February 2, 2017 at 17:52 by Andrew Moran

Oil prices are trading relatively flat on Thursday as traders are weighing cuts by Organization of Petroleum Exporting Countries (OPEC) members and a sharp increase in US crude and gasoline stockpiles. After a two-session climb, oil futures may be retreating near the end of the trading week.

March West Texas Intermediate (WTI) crude futures tumbled $0.09, or 0.17%, to $53.79 per barrel at 16:25 GMT on Thursday on the New York Mercantile Exchange. US crude is poised to settle at its highest level since January 6.

Brent, the international benchmark for oil prices, is trading in the opposite direction. April Brent crude futures rose $0.09, or 0.16%, to $56.89 a barrel on London’s ICE Futures exchange.

The quiet trades are surprising some investors, especially since both US and Brent crude soared by more than a buck on Wednesday. However, after three tumultuous years, most experts do concur on one thing: the oil market has stabilized.
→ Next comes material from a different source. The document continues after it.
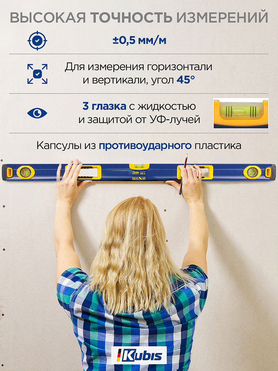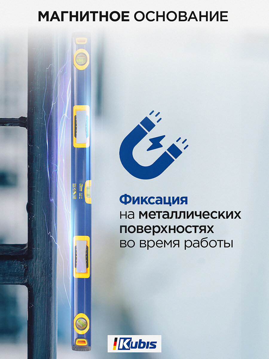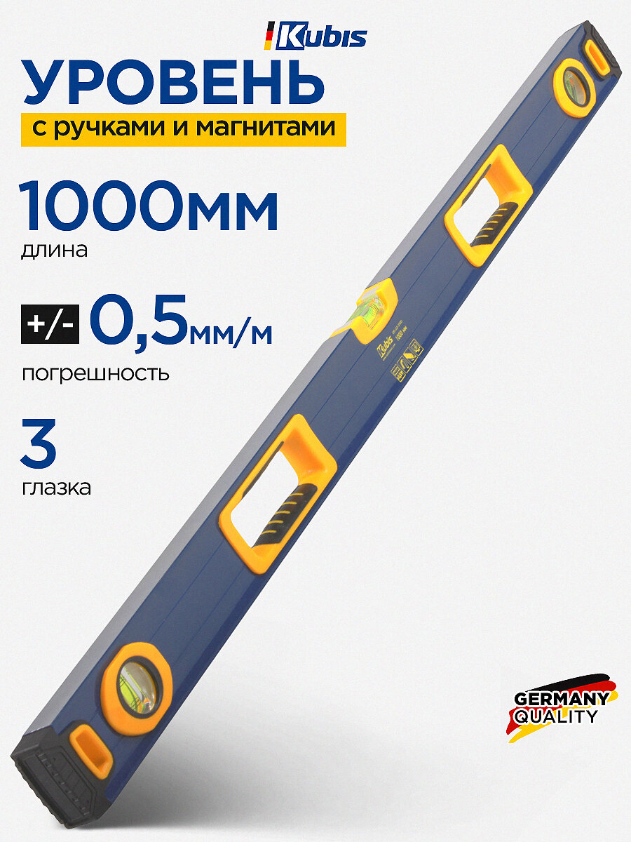Уровень магнитный строительный с ручками KUBIS 1000 мм, 3 глазка, 0,5мм/м погрешность: сравнение цен, характеристики, фото, актуальное наличие и цены.

US and Brent crude are not making any considerable moves because traders are assessing the current situation in the international oil market. Although OPEC and non-OPEC members are moving ahead with the arrangement to slash oil production levels, US producers are ramping up their output efforts. This was something that many had warned about soon after OPEC agreed to cap their production numbers.

OPEC announced late last month that it is closer to reaching its target of 1.8 million barrels per day (bpd).

According to the US Energy Information Administration (EIA), US crude oil inventories increased last week by 6.5 million barrels to just under 495 million barrels. This is much higher than analysts’ initial forecasts of only 3.3 million barrels. Meanwhile, gasoline stocks soared by 3.9 million barrels, which also beat analysts’ projections of a tepid one million barrel jump.

This has been the trend in the US for the past year. American inventories have been hovering around record highs as US companies drilling for shale oil are trying to take advantage of higher oil prices.

Last month, the World Bank noted in a report that the average crude price in 2017 would be $55 per barrel. This represents a 26% increase from last year.